Islamic schools fill void: NYT

By: Our Staff Reporter | May 05, 2009 |
NEW YORK - With public education in shambles in Pakistan, the poorest families have turned to Islamic schools
that feed and house children while pushing a militant brand of Islam.
According to a media report, though religious seminaries make up only about seven percent of the primary
schools in the country, their influence has been amplified by the inadequacy of public education and the innate
religiosity of the countryside, where two-thirds of the people live.
The elementary school in a poor village is easy to mistake for a cow shed. It has a dirt floor and no lights, and
crows swoop through its glassless windows, The New York Times reported Monday.

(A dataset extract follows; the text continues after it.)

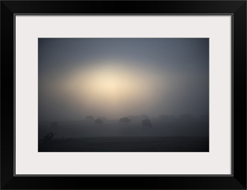 <p>Bison in a field with mist in the morning at Yellowstone National Park, Wyoming.</p>

The concentration of seminaries in southern Punjab has become an urgent concern in the face of Pakistans
expanding insurgency. The schools offer almost no instructions beyond memorising the Holy Quran, thus
creating a widening pool of young minds that are sympathetic to militancy.
In an analysis of the profiles of suicide bombers who have struck in Punjab, the Pakistan police said that more
than two-thirds had attended the seminaries.
We are at the beginning of a great storm that is about to sweep the country, said Ibn Abduh Rehman, who
directs the Human Rights Commission of Pakistan, an independent organisation. Its red alert for Pakistan.
President Barack Obama said in a news conference last week that he was gravely concerned about the
situation in Pakistan, and asked Congress to approve proposed assistance, tripling the aid to Pakistan for
non-military purposes, including education.
But education has never been a priority here, and even Pakistans current plan to double the spending on
education next year might collapse just like the past efforts, which were thwarted by sluggish bureaucracies,
unstable governments and a lack of commitment by Pakistans governing elite to the poor, The New York Times
says.
Pakistani families have long turned to seminaries and the religious schools make up a relatively small minority.
But even for the majority who attend public school, learning has an Islamic bent.
Literacy in Pakistan has grown from barely 20 percent at independence 61 years ago, and the government
recently improved the curriculum and reduced its emphasis on Islam.
But even today, only about half of Pakistanis can read and write, far below the proportion in countries with
similar per-capita income, like Vietnam.